Across all participants and blocks, we found an average N2pcbetween amplitude of −0.24 μV (SD = 0.37 μV), which indicated a generally stronger negative deflection in the hemisphere contralateral to the angry face stimulus compared to the ipsilateral hemisphere (see Figures 4, 5 shows the topology plot of this effect). This difference proved to be statistically significant as indicated by a one-sample one-sided t-test [t (59) = −4.9, p < 0.01, d = 0.64], suggesting the presence of a general attentional bias toward angry faces. Considering the average amplitudes separately by block and condition, the N2pc descriptively decreased in size (i.e., approached zero) over the course of the entire experiment in both the implicit and explicit training conditions. This decrease was continuous in the implicit condition, but not so in the explicit condition, where it is interrupted by a temporary shift into the opposite direction in block 2. In the control condition, the N2pc showed a steady descriptive increase in size (i.e., more negative values) with each block (see Figure 6). However, when performing the mixed two-way ANOVA with the factors Group and Block, the critical interaction of Group × Block did not reach significance [F (4,102) = 1.92, p = 0.11, ηp2 = 0.07]. Neither of the two main effects were significant (Group [F (2,51) = 0.02, p = 0.99, ηp2 < 0.01], Block [F (2,102) = 0.78, p = 0.46, ηp2 = 0.02]).
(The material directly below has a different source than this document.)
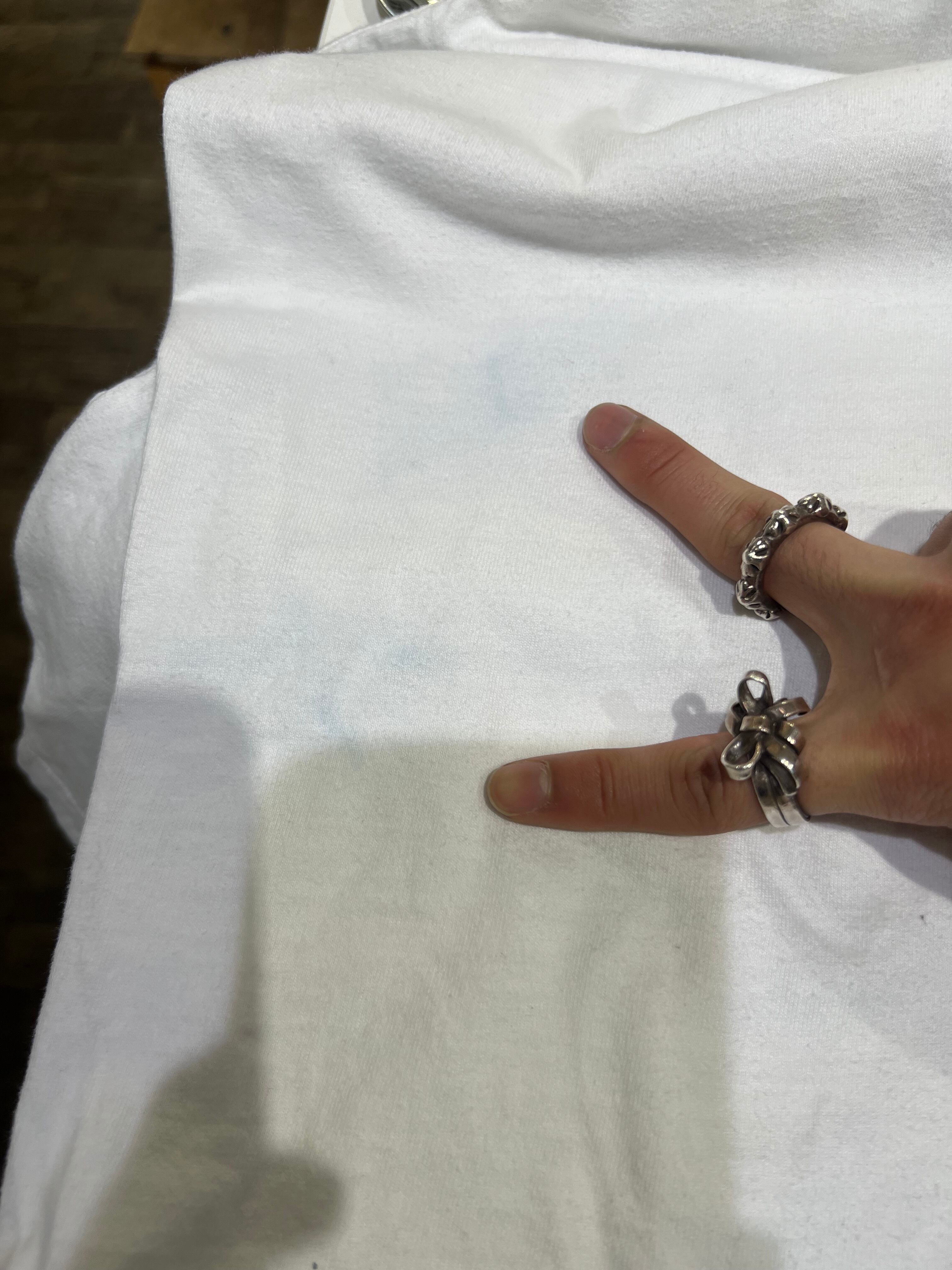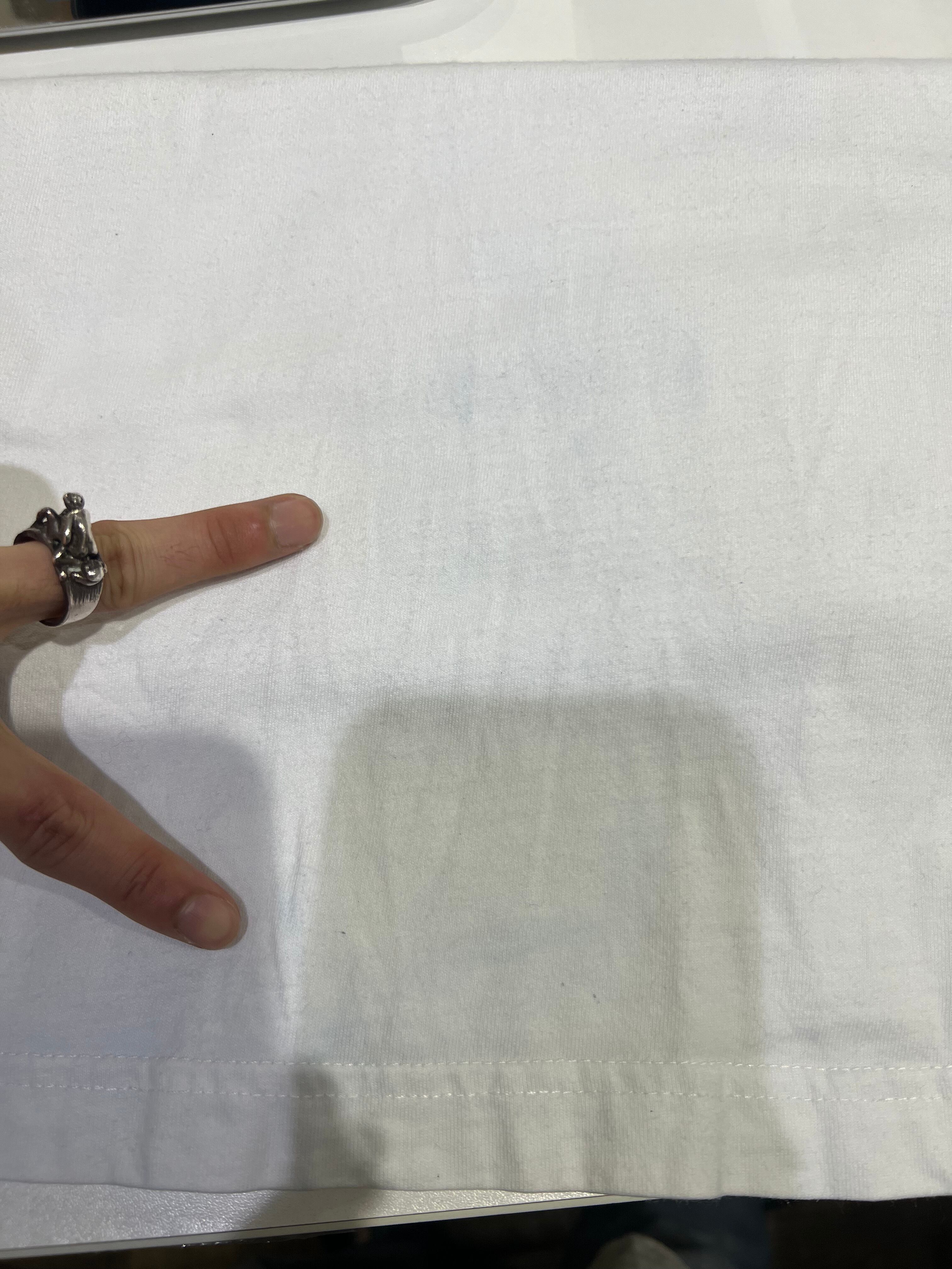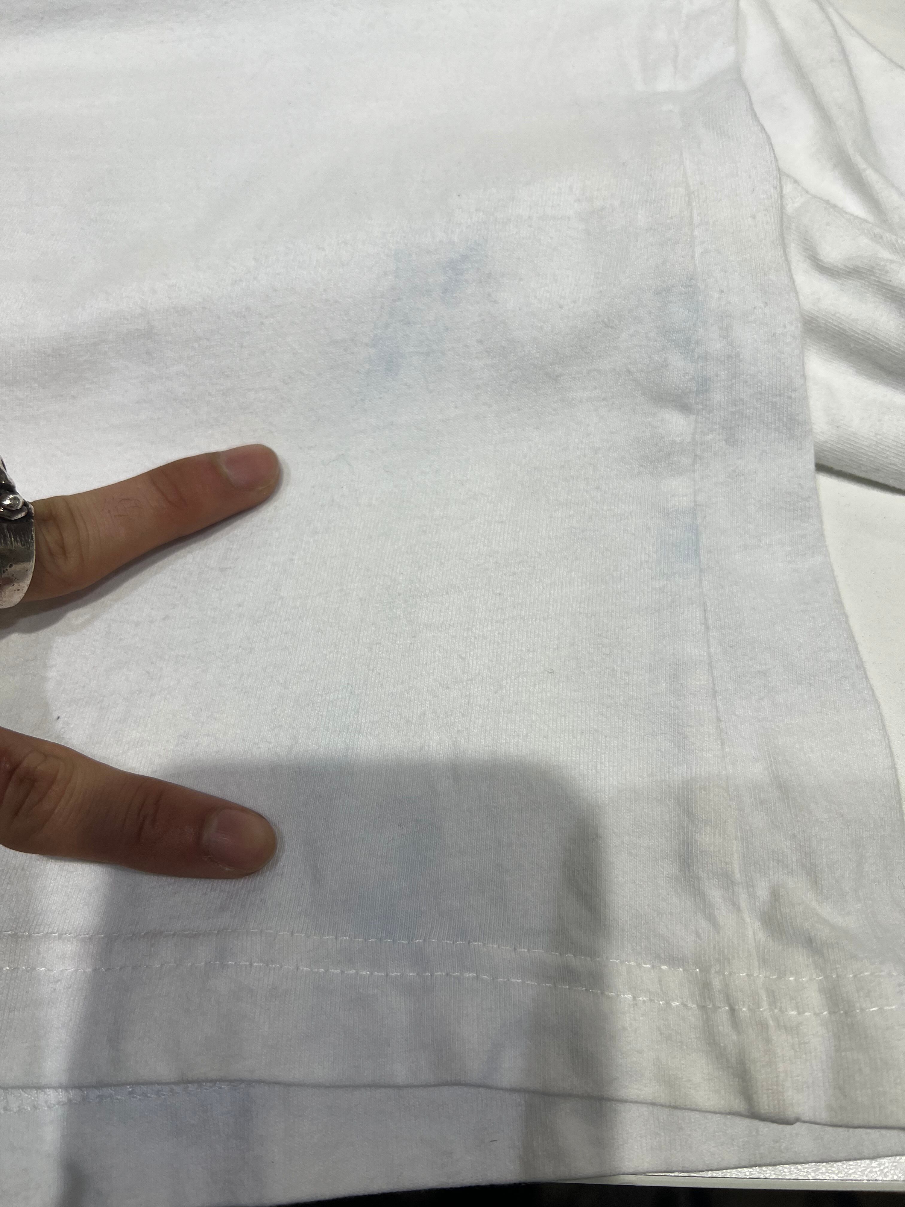 フロント右裾、左裾、右袖、背中側裾付近に目立たない程度の薄い色移りのようなものがあります。

Adding the SIAS and RST-PQ into the model again did not yield significant results (all ‘p’s > 0.07).


Figure 4. Grand average waveform of the N2pcbetween waveform and its constituents across all participants and blocks at electrode positions P7 and P8. The time window of interest (180 to 300 ms post stimulus onset) is marked in gray. The average activity contralateral to angry face stimuli (e.g., at P8 for angry/neutral distractor configuration) is shown in red (mean of P8AN, P7NA), while the corresponding ipsilateral activity is shown in blue (mean of P8NA, P7AN). The N2pcbetween (black) is the difference between contra- and ipsilateral activations.


Figure 5. Topography plot of the N2pcbetween effect across all participants and blocks. The electrode of interest (P7) is marked in red (P8 not pictured). For the purpose of this figure, difference waves from the angry/neutral and neutral/angry stimulus configurations were collapsed and mapped to the left side of the skull, such as if all angry faces had been shown in the right hemifield, when this was in fact counterbalanced.
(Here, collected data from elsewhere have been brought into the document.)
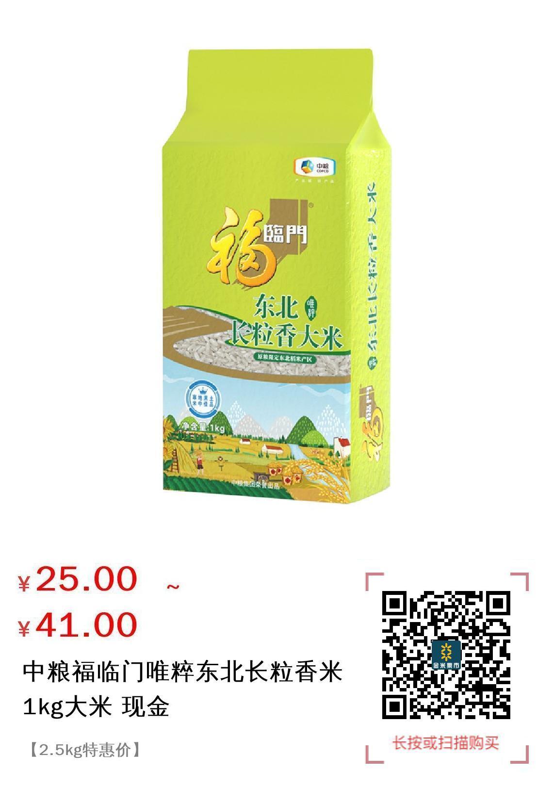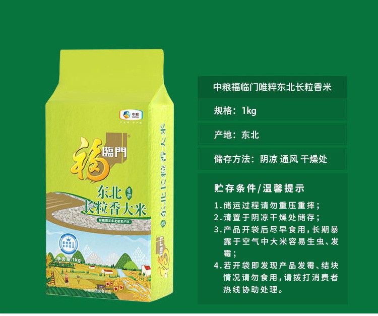 推广 中粮福临门唯粹东北长粒香米1kg大米 现金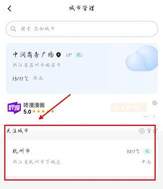 当选择好目标城市并确认添加后,该城市的实时天气情况就会同步展示在主界面上,便于用户随时查看。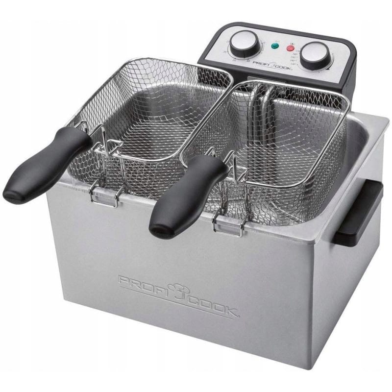 FRYTKOWNICA OLEJOWA PODWÓJNA TRADYCYJNA - 3000W FRYTOWNICA INOX 5L 3 KOSZE MOCNA STALOWANAJWYŻSZEJ JAKOŚCIPROFESJONALNA PODWÓJNA FRYTKOWNICARENOMOWANEJ FIRMY PROFICOOKMODEL: PC FR 1038Frytkownica, która dzięki pojemności 4 litrów w szybkim czasie przygotuje dużą ilość frytek oraz innych smażonych potraw dla całej rodziny.Urządzenie posiada bezstopniowy termostat oraz daje możliwość smażenia przy pomocy 1 większego lub 2 mniejszych koszy,ZESTAW ZAWIERA 3 KOSZE :1 DUŻY2 MAŁESzukasz doskonałego sposobu na przygotowanie chrupiących, złocistych frytek w domowym zaciszuNasza frytkownica olejowa to idealne rozwiązanieDzięki dużej pojemności możesz smażyć jednocześnie większe porcje, co sprawia, że jest idealna na rodzinne spotkania i przyjęcia.ProfiCook PC-FR 1038 to idealne urządzenie do przygotowywania smażonych dań z ziemniaków i mięs. Frytkownica umożliwia szybkie usmażenie idealnie chrupkich i miękkich w środku frytek. Dzięki PC-FR 1038 usmażymy również mięso, grzyby oraz warzywa.Możliwość bezstopniowej regulacji temperatury w zakresie 130 - 190°C zapewnia pełną kontrolę nad poziomem wysmażenia dań. Grzałka, obudowa oraz pokrywa wykonane są ze stali nierdzewnej.Dzięki możliwości rozłożenia na poszczególne elementy urządzenie jest trwałe i łatwe do czyszczenia.Obudowa, pokrywka, cewka grzewcza, pojemnik na tłuszcz oraz panel ze stali nierdzewnejTechnologia zimnej strefy – cewka grzewcza całkowicie zanurzona w oleju do szybkiego grzania i bezwonnego smażeniaPojemność: 4 litry oleju / tłuszczu do smażeniaBezstopniowo regulowany termostat (130° C – 190° C)Timer 30 minutowyZdejmowany pojemnik na filtr w celu łatwego czyszczeniaPokrywka z okienkiemStały filtr zapachów i oparów2 wskaźniki świetlne kontrolujące zasilanie i podgrzewanieOchrona przed przegrzaniem230 V, 50 Hz, 3000 WWysoka jakość wykonaniaObudowa, pokrywa oraz grzałka wykonane ze stali nierdzewnejWydajnośćDzięki pojemności 4 litrów w szybkim czasie przygotujesz dużą ilość frytek oraz innych smażonych potraw dla całej rodzinyŁatwe utrzymanie czystościDzięki możliwości rozłożenia na poszczególne elementy urządzenie jest łatwe w utrzymaniu czystościDzięki tej frytkownicy możesz nie tylko smażyć frytki, ale także przygotowywać inne ulubione potrawy, takie jak nuggetsy, krewetki czy warzywa.Ciesz się pysznymi, domowymi potrawami, które zachwycą Twoich bliskichNie zwlekaj! Odkryj radość z gotowania i delektuj się smakiem idealnych frytek w każdej chwili!Wymiary frytkownicy:Wymiary (ok. szer. x wys. x gł.) i wagaUrządzenie: 350 x 250 x 450 mm; 3.2 kgOpakowanie: 376 x 273 x 376 mm; 3.8 kgslimtex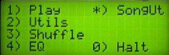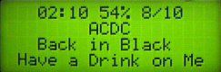 L'écran qui apparait pendant la lecture. Ici on peut passer au morceau suivant/précédent, faire pause, repeat, règler le volume, stopper, ajouter ce morceau dans la hotliste, etc... Sans arrêter le morceau on peut passer sur les autres menus...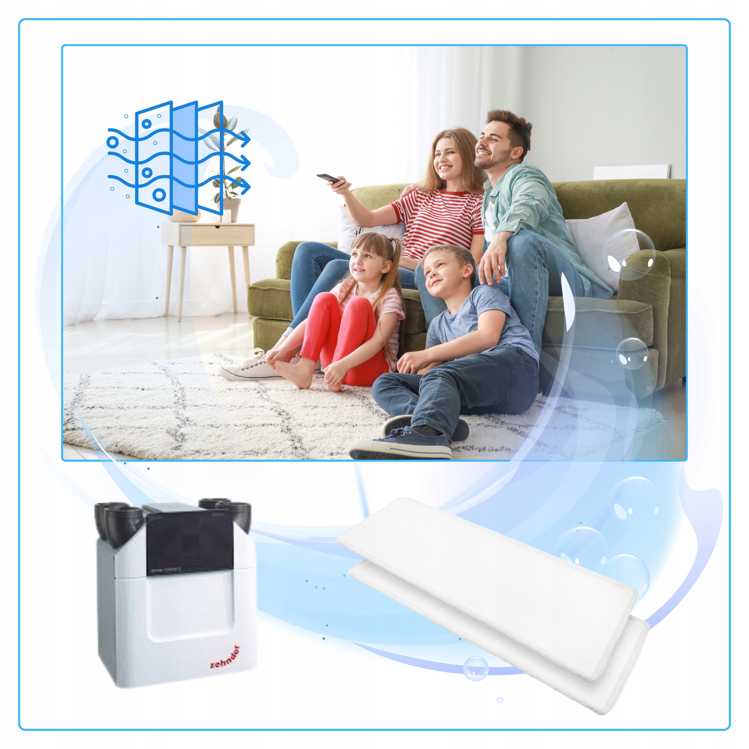 Zestaw filtrów G4 i F7 do rekuperatorów Zehnder Comfoair i Aeris Next, zapewniający efektywne oczyszczanie powietrza oraz ochronę systemu wentylacyjnego.

Figure 6. Progression of the N2pcbetween over the three blocks, split by group. Each data point corresponds to the mean of the segment marked in gray in Figure 4 (regarding the black line). Error bars indicate SEM.
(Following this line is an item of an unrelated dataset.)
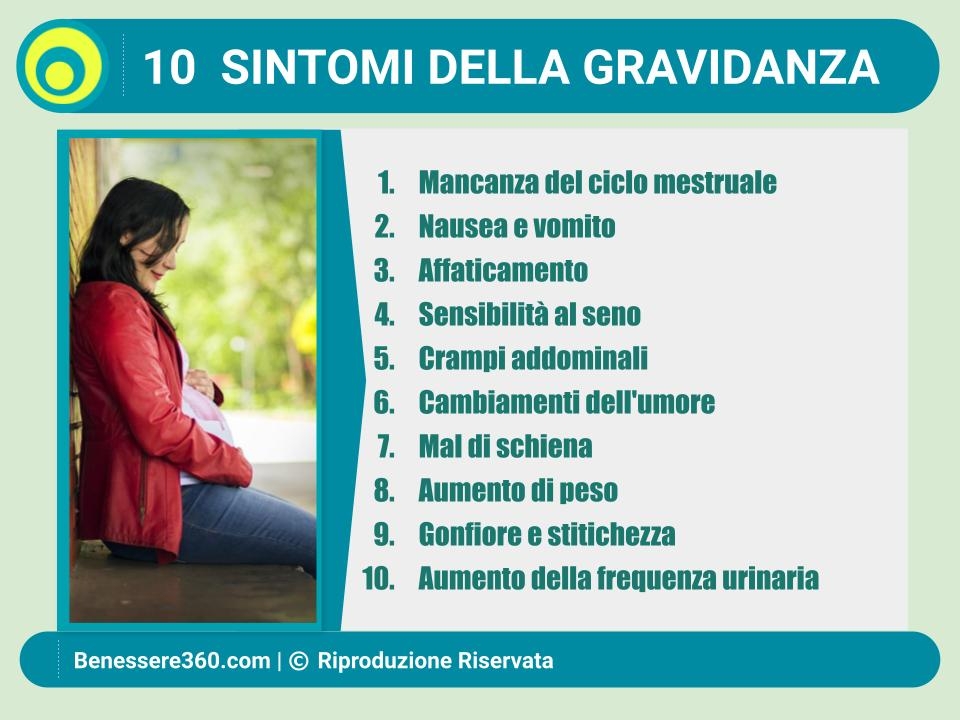 I primi sintomi di gravidanza variano da persona a persona e da gravidanza a gravidanza, ma alcuni segnali precoci includono l'assenza del ciclo mestruale, sensazione di nausea, vomito, stanchezza, affaticamento, aumento importante della frequenza urinaria, sensibilità al seno, dolori all'addome, cambiamenti dell'umore e altri sintomi meno diffusi. Tuttavia, questi sintomi non sono sempre presenti e vengono confusi con altri disturbi.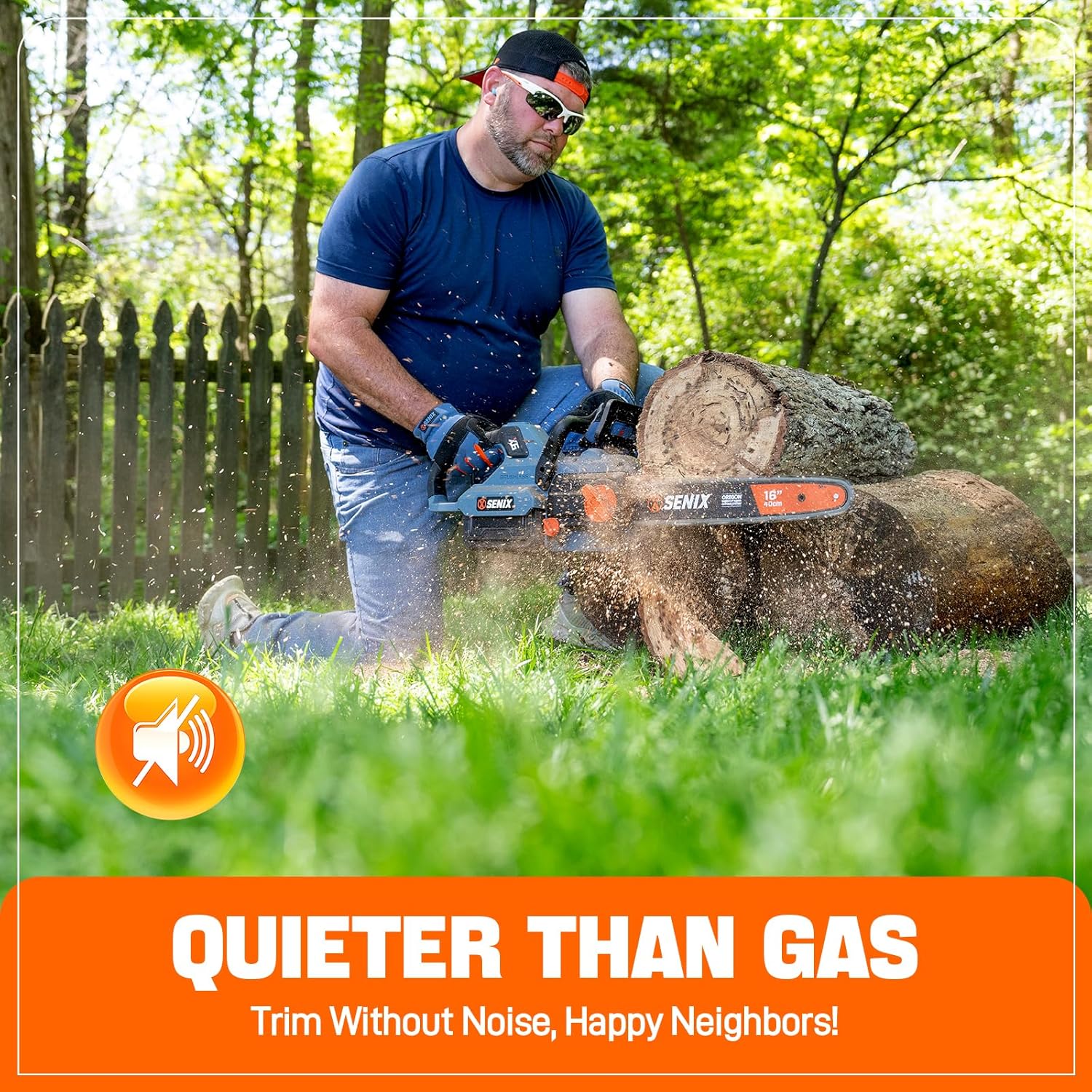 - PREMIUM SENIX BATTERY POWERED CHAINSAW: Experience gas-like performance with this cordless chainsaw with battery and charger. The SENIX 60V battery powered chainsaw features a 16" Oregon bar (perfect alternative to battery chainsaw 16 inch models) delivering unmatched power for tree pruning and branch trimming.

The split-half reliability of the N2pcbetween was estimated to be 0.82 (SD = 0.08, 95% CI [0.71, 0.89]). However, when considering the hemispheres separately (i.e., calculating the N2pc separately for trials with a left-sided vs. a right-sided angry face), these sub-measures displayed Spearman-Brown corrected reliability estimates of 0.98 (SD = 0.01, 95% CI [0.97, 0.99]) and 0.98 (SD = 0.01, 95% CI [0.96, 0.99]), respectively.

Regarding these sub-measures, we found the same hemispheric lateralization effect known from previous data (see section 2.4). That is, when plotted together, the two waveforms almost perfectly mirrored each other on the x-axis, with the collapsed N2pc merely representing a comparably minor deviation from this pattern (see Figure 3). This is reflected in a significant negative correlation of the two sub-measures, r (160) = −0.92, p < 0.01. Therefore, it seems that the side of data recording has per se a considerably larger influence on the variable of interest than the actual manipulation of stimulus position, possibly masking experimental effects.

The N2pcwithin that was calculated to circumvent this lateralization effect (see section 2.4) had an average amplitude of −0.32 μV (SD = 0.4) across all blocks and conditions (see Figures 7, 8 for the topography). This difference was again shown to significantly differ from zero by a one-sample one-sided t-test [t (55) = −6.06, p < 0.01, d = 0.81], again reflecting the presence of a general attentional bias toward angry faces. The split-half reliability of the N2pcwithin was estimated to be 0.64 (SD = 0.17), with a 95% CI of [0.52, 0.74]. Comparing submeasures of the N2pcwithin based on hemisphere to each other (see Figure 9) showed that, as intended, these were not affected by the lateralization effect found for the N2pcbetween, with a significant positive correlation between the submeasures of r (160) = 0.21, p < 0.01. The reliability estimates for the submeasures were 0.7 (SD = 0.16, 95% CI [0.44, 0.84]) and 0.68 (SD = 0.13, 95% CI [0.56, 0.81]) for the left and right hemisphere (P7 and P8), respectively.


Figure 7. Grand average waveform of the N2pcwithin waveform and its constituents across all participants and blocks at electrode positions P7 and P8. The time window of interest (180 to 300 ms post stimulus onset) is marked in gray. The average activity contralateral to angry face stimuli is shown in red (mean of P8AN, P7NA, identical to the red line from Figure 4), while the corresponding activity when both faces (i.e., also the contralateral one) were neutral is shown in blue (mean of P8NN, P7NN). The N2pcwithin (black) is the difference between contralateral and neutral activations.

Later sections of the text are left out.